Memory Models and Dynamic Memory

Recall that an object is a piece of data in memory, located at some address in memory. An object also has a storage duration that determines its lifetime. In this course, we consider three storage durations:

  • static: the lifetime is essentially the whole program

  • automatic (also called local): the lifetime is tied to a particular scope, such as a block of code

  • dynamic: the object is explicitly created and destroyed by the programmer

The first two durations are controlled by the compiler, and an object with static or automatic scope is associated with a variable. Objects with dynamic storage are managed by the programmer, and they are not directly associated with variables.

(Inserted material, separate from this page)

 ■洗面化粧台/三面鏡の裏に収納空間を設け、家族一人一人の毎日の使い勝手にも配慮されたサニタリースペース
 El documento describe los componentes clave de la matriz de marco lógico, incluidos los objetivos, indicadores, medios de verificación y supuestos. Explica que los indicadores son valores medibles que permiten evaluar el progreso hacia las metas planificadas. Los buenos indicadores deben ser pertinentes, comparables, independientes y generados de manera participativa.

The following variables refer to objects with static storage duration:

The lifetime of these objects is essentially the whole program, so they can be used at any point in time in the program. [2]

Static Local Variables

We have already seen global and static member variables. A static local variable is a local variable declared with the static keyword. Rather than living in the activation record for a function call, it is located in the same region of memory as other variables with static storage duration, and there is one copy of each static local variable in the entire program. The following is an example:

int count_calls() {
  static int count = 0;
  return ++count;
}

int main() {
  cout << count_calls() << endl;    // prints 1
  cout << count_calls() << endl;    // prints 2
  cout << count_calls() << endl;    // prints 3
  cout << count_calls() << endl;    // prints 4
}

The count static local variable is initialized to 0, so its value is 0 the first time count_calls() is called. The call increments count and returns the new value of 1. The next time count_calls() is called, count has value 1. It gets incremented again, and the call returns 2. And so on. Thus, all calls to count_calls() use the same count object, unlike a non-static local variable, where each call would get its own object.

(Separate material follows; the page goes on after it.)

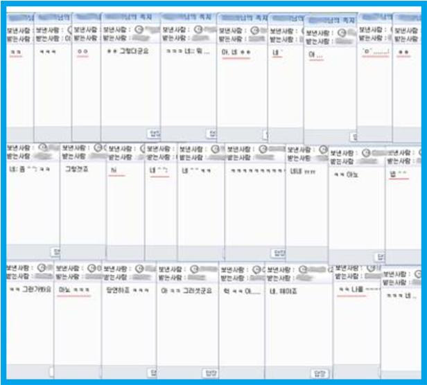 게시물에는 여자가 메신저로 쪽지로 답한 내용들이 담겨있다.

Automatic Storage Duration

Function parameters and local variables have automatic storage duration, also called local storage duration. The lifetime of the associated object corresponds to the variable’s scope, the region of code where it is valid to refer to the variable. The scope of a variable begins at its point of declaration and ends at the end of the scope region in which it is defined. A scope region can be the body of a function, a whole loop or conditional, the body of a loop or conditional, or just a plain block denoted by curly braces. For example, consider the following code:

void func(int x) {
  for (int i = 2; i < 10; ++i) {
    string s = " cats";
    cout << i << s << endl;
  } // end scope of i, s

  int y = 10;

  {
    int z = -3;
    cout << x << " " << y << " " << z << endl;
  } // end scope of z

} // end scope of x, y

The variables fall into the following categories;

  • The scope of a parameter is the entire function body. Thus, the lifetime of the object associated with x begins when the function is called and ends when the function returns.

  • The scope of a variable declared in a loop header is the entire loop. Thus, the lifetime of the object i begins when the loop starts and ends when the loop exits.

  • The scope of a variable declared within a block is from its point of declaration to the end of the block. The lifetime of s begins when its initialization runs and ends at the end of a loop iteration – a new object associated with s is created in each iteration. The lifetime of y also begins when its initialization runs, and it ends when the function returns. Lastly, the lifetime of z starts when its declaration is run and ends when the code exits the block containing z‘s declaration.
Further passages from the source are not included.